- TASK DESCRIPTION:
All of the data below must be reproduced word for word, but without its images.

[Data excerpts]
/---

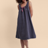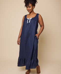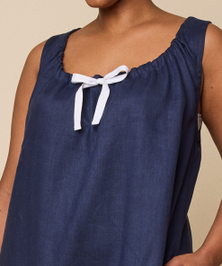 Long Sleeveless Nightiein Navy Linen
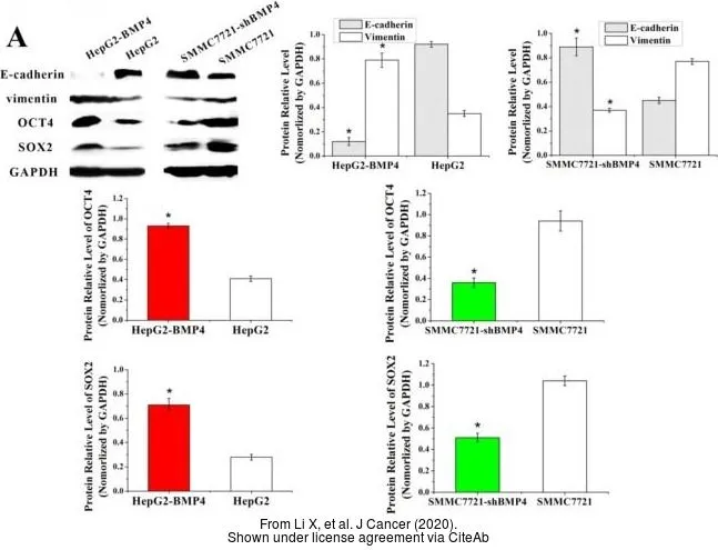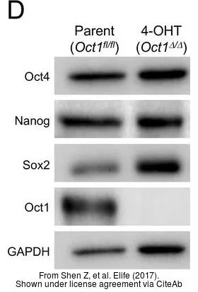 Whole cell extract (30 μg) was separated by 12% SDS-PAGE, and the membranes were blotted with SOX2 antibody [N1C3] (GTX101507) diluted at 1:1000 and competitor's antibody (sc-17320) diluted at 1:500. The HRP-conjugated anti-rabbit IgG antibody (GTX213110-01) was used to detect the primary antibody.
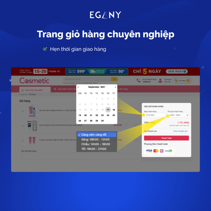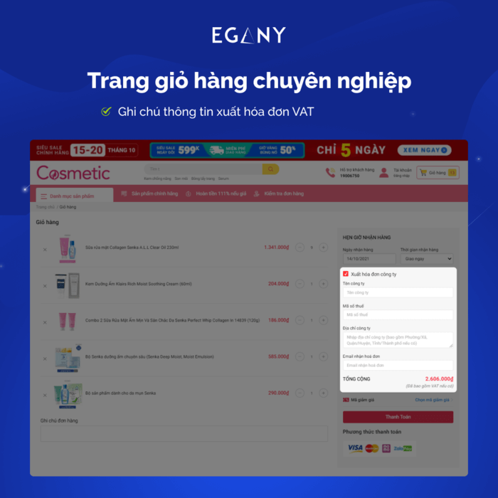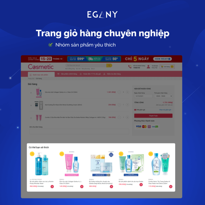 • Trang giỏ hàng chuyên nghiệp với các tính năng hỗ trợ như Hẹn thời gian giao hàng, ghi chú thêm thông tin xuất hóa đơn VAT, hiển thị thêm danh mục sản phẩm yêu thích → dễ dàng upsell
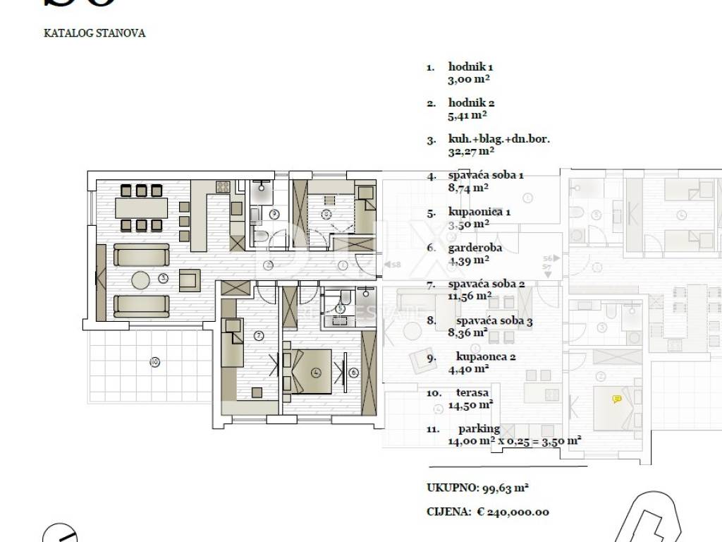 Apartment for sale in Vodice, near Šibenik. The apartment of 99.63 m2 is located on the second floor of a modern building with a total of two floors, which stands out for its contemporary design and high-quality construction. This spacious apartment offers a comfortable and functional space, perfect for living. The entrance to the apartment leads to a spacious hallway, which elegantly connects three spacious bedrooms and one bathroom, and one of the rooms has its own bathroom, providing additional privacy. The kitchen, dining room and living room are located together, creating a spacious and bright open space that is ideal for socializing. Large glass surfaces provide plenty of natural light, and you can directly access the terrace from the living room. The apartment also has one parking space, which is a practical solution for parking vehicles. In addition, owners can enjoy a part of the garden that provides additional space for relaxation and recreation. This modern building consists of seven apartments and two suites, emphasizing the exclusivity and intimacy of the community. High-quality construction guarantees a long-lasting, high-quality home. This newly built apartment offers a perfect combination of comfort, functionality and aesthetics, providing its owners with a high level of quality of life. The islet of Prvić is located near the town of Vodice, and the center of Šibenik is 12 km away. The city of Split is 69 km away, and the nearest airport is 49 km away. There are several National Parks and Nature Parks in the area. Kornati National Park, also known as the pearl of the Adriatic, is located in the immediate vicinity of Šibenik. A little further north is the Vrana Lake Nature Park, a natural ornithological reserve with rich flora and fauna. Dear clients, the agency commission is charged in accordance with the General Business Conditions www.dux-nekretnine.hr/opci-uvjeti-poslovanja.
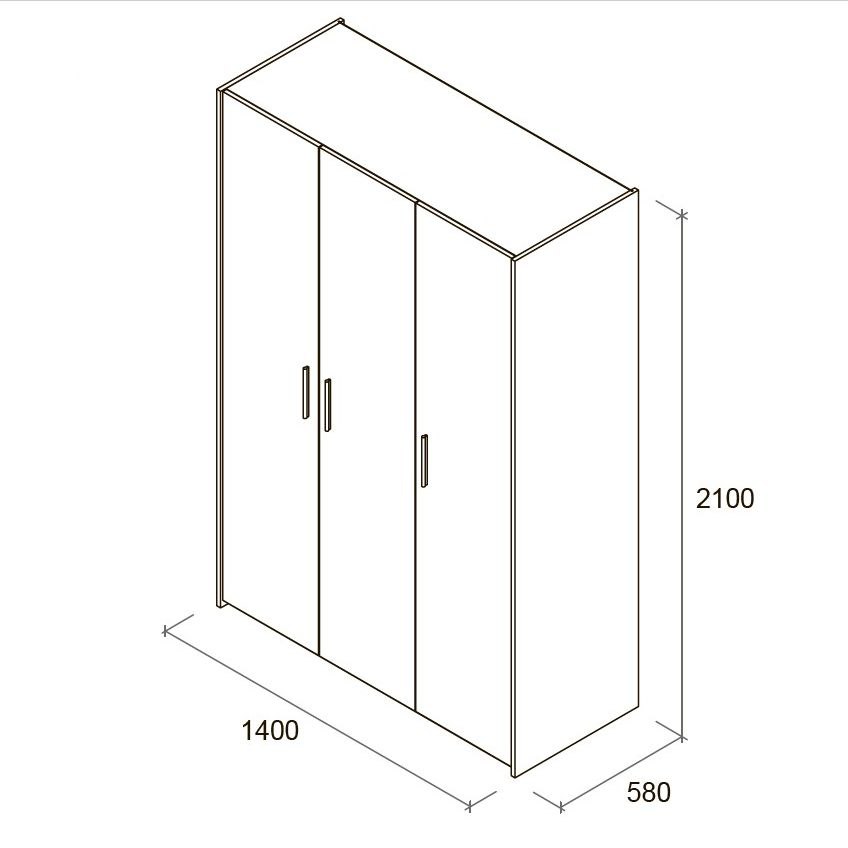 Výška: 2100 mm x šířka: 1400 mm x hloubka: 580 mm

\---

- WRITTEN SOLUTION:
 Long Sleeveless Nightiein Navy Linen
 Whole cell extract (30 μg) was separated by 12% SDS-PAGE, and the membranes were blotted with SOX2 antibody [N1C3] (GTX101507) diluted at 1:1000 and competitor's antibody (sc-17320) diluted at 1:500. The HRP-conjugated anti-rabbit IgG antibody (GTX213110-01) was used to detect the primary antibody.
 • Trang giỏ hàng chuyên nghiệp với các tính năng hỗ trợ như Hẹn thời gian giao hàng, ghi chú thêm thông tin xuất hóa đơn VAT, hiển thị thêm danh mục sản phẩm yêu thích → dễ dàng upsell
 Apartment for sale in Vodice, near Šibenik. The apartment of 99.63 m2 is located on the second floor of a modern building with a total of two floors, which stands out for its contemporary design and high-quality construction. This spacious apartment offers a comfortable and functional space, perfect for living. The entrance to the apartment leads to a spacious hallway, which elegantly connects three spacious bedrooms and one bathroom, and one of the rooms has its own bathroom, providing additional privacy. The kitchen, dining room and living room are located together, creating a spacious and bright open space that is ideal for socializing. Large glass surfaces provide plenty of natural light, and you can directly access the terrace from the living room. The apartment also has one parking space, which is a practical solution for parking vehicles. In addition, owners can enjoy a part of the garden that provides additional space for relaxation and recreation. This modern building consists of seven apartments and two suites, emphasizing the exclusivity and intimacy of the community. High-quality construction guarantees a long-lasting, high-quality home. This newly built apartment offers a perfect combination of comfort, functionality and aesthetics, providing its owners with a high level of quality of life. The islet of Prvić is located near the town of Vodice, and the center of Šibenik is 12 km away. The city of Split is 69 km away, and the nearest airport is 49 km away. There are several National Parks and Nature Parks in the area. Kornati National Park, also known as the pearl of the Adriatic, is located in the immediate vicinity of Šibenik. A little further north is the Vrana Lake Nature Park, a natural ornithological reserve with rich flora and fauna. Dear clients, the agency commission is charged in accordance with the General Business Conditions www.dux-nekretnine.hr/opci-uvjeti-poslovanja.
 Výška: 2100 mm x šířka: 1400 mm x hloubka: 580 mm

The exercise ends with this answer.